I think horror operates in the same territory! The fine line between rooting for a character’s survival whilst also anticipating the next gory death, or the line between the genre’s fascination with terrorising women whilst also capturing them persevering through that violence, as well as the misogyny they struggle against. In my work I’m generally motivated by achieving an empathetic balance, by allowing two seemingly opposite things to compliment each other. With Valley of the Dolls - A Short Snippet, that was the experiment; can we make a piece of pop cinema indulgence, something that is visually delicious and has a ridiculous and heightened performance quality, but doesn’t make fun of its two leads or see them as a joke? As with a lot of arguments, Neely and Helen hate each other because they see themselves in each other, and see in each other what they have been or what they’re terrified of becoming. To see the scene as just a ‘catfight’ is to miss that it’s as a scene with really exceptional clarity of purpose for both of its characters. It’s my hope that our little film can walk that fine line between the kitsch and the sincerity.
From a personal standpoint, this project allowed me to focus on two things I was inexperienced with:
Whilst we’re still in the early stages of post production, I’m so happy that those ambitions have been achieved. We shot on 16mm, and it is gorgeous, enough so that it very, very slightly eases the pain of how expensive it was eeeek. Our entire crew lended their brilliance to this film, but I want to specifically point out the beautiful work of our Production Designer Charlotte Wessel, who pushed for our aesthetic vision for the film to not just rest on a pop contemporary take on 60s design, but to build a world that’s specific and refined as well as exciting.

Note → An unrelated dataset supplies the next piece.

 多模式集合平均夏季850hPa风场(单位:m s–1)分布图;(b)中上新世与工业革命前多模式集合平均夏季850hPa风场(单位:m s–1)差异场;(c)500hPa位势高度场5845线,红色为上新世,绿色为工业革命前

My smile kept growing wider and wider as I was watching the set get dressed, and if all else fails, I know our film is one that your eyes will wanna bathe in.

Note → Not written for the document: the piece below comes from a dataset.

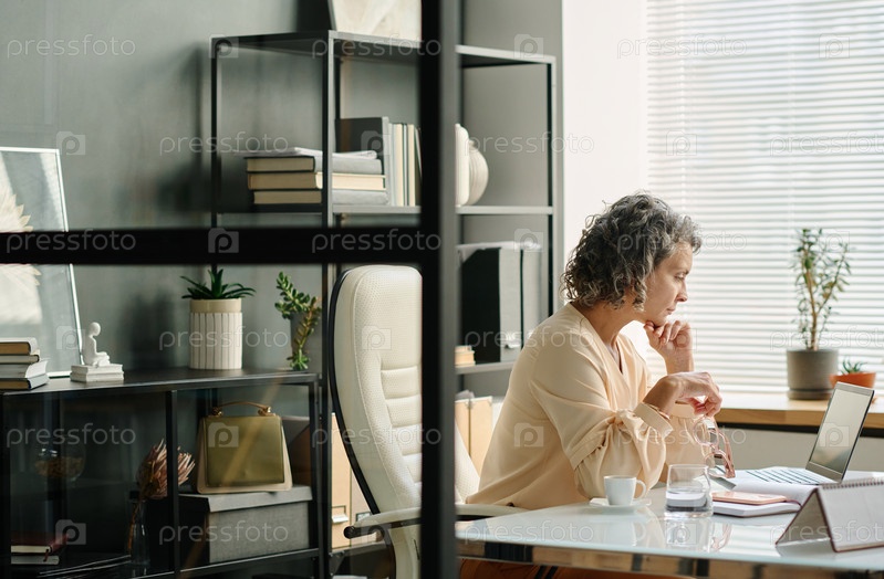 Боковой вид серьезной женщины-аналитика, просматривающей информацию в Интернете

And finally, the exceptional Iva and Jens more than managed the delicate dance of camp that was the main thematic focus of the project; to indulge in excess, without shying away from sincerity. It’s a gift to look at the intensity of their eyes this closely, so you’re welcome.
I’m extremely excited to share this film with our supporters and donors, without whom none of our work would be possible. We’re seriously so grateful for you all, and I promise that we made this with a lot of love in return.
In the words of the utterly exhausting Anne Wells, “You’ve got to climb Mount Everest to reach the Valley of the Dolls”. I assure you dear reader that IVA ROSEBUD and JENS RADDA have sailed to that peak and kept on climbing to the stars!